Requirement -
Only a verbatim restatement of the lines from the one with "Q: What makes" through the end of the listing below is wanted. Pictures should be left out.

** Opening Recorded data block **

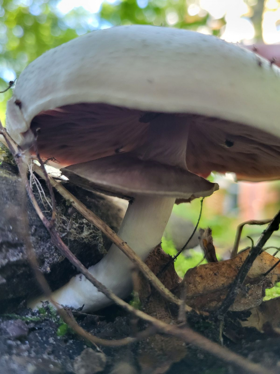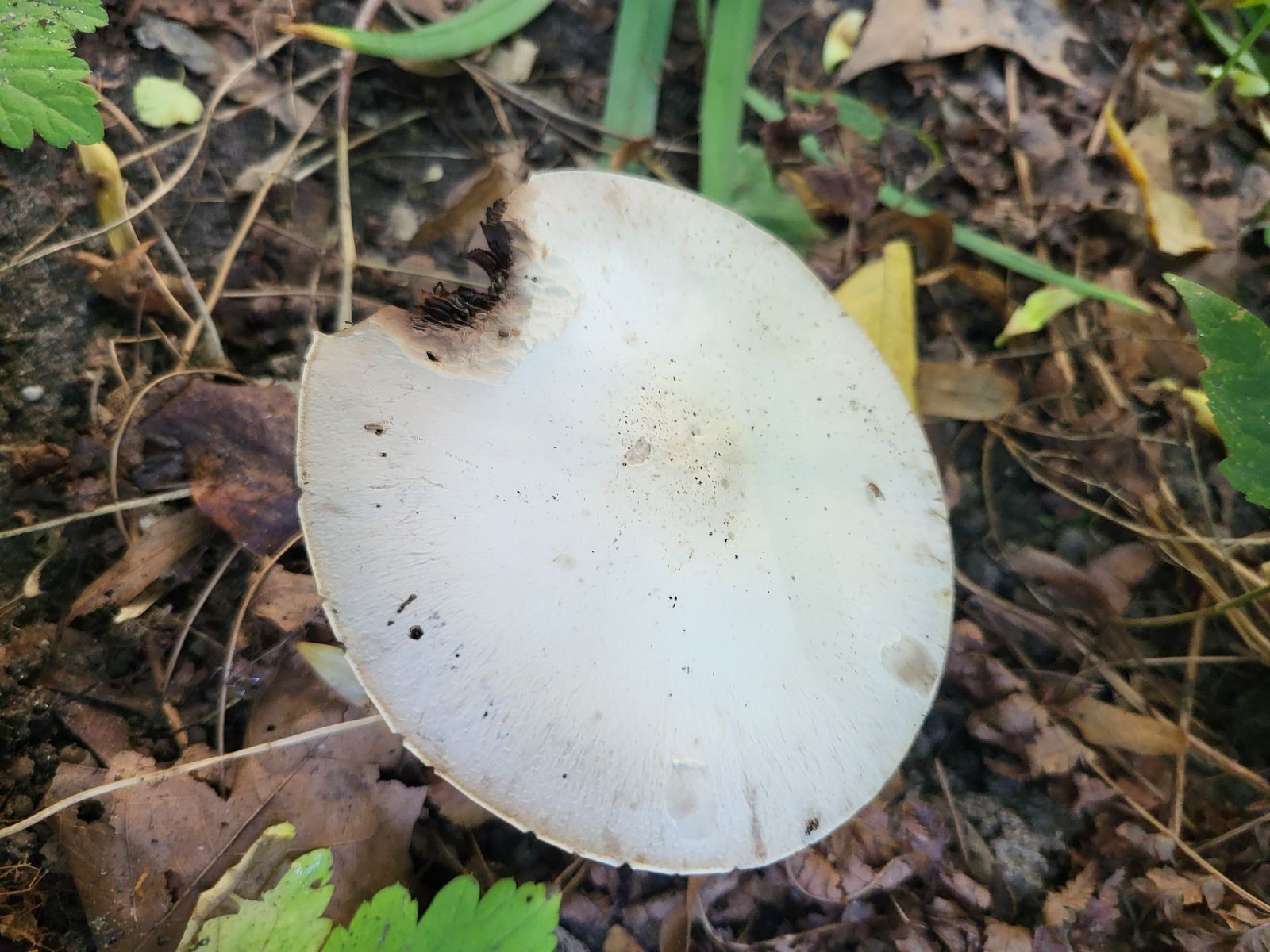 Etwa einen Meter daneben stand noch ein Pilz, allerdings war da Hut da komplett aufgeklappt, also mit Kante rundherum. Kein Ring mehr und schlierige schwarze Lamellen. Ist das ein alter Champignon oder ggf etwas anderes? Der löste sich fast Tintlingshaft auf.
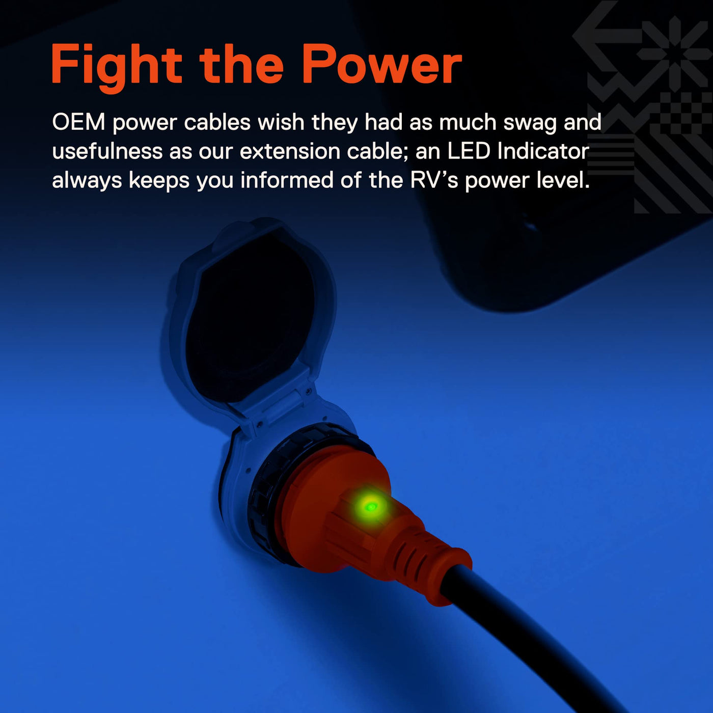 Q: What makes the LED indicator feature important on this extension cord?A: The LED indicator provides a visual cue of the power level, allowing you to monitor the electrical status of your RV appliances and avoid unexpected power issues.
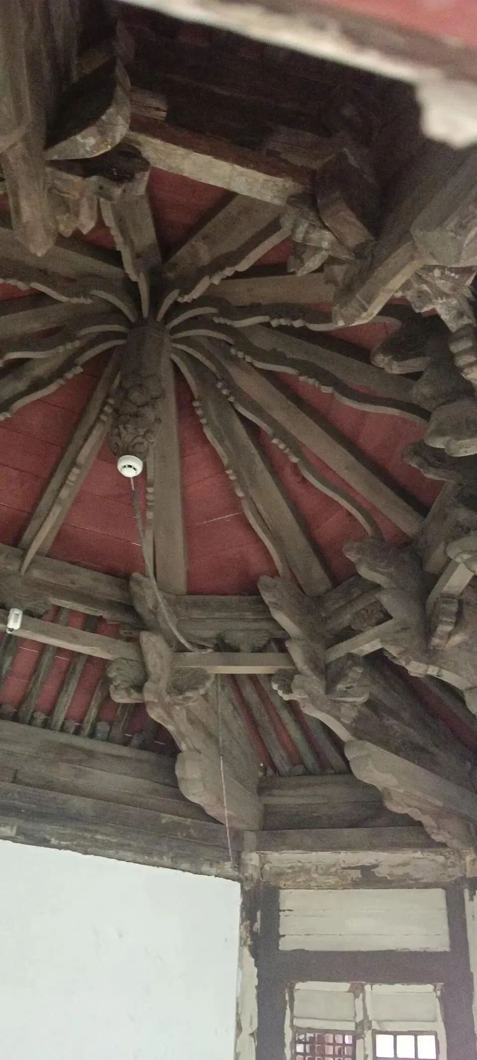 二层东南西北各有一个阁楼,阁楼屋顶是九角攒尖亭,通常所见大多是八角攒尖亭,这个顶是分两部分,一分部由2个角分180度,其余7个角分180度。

** Closing Recorded data block **

Answer for this exercise -
 Q: What makes the LED indicator feature important on this extension cord?A: The LED indicator provides a visual cue of the power level, allowing you to monitor the electrical status of your RV appliances and avoid unexpected power issues.
 二层东南西北各有一个阁楼,阁楼屋顶是九角攒尖亭,通常所见大多是八角攒尖亭,这个顶是分两部分,一分部由2个角分180度,其余7个角分180度。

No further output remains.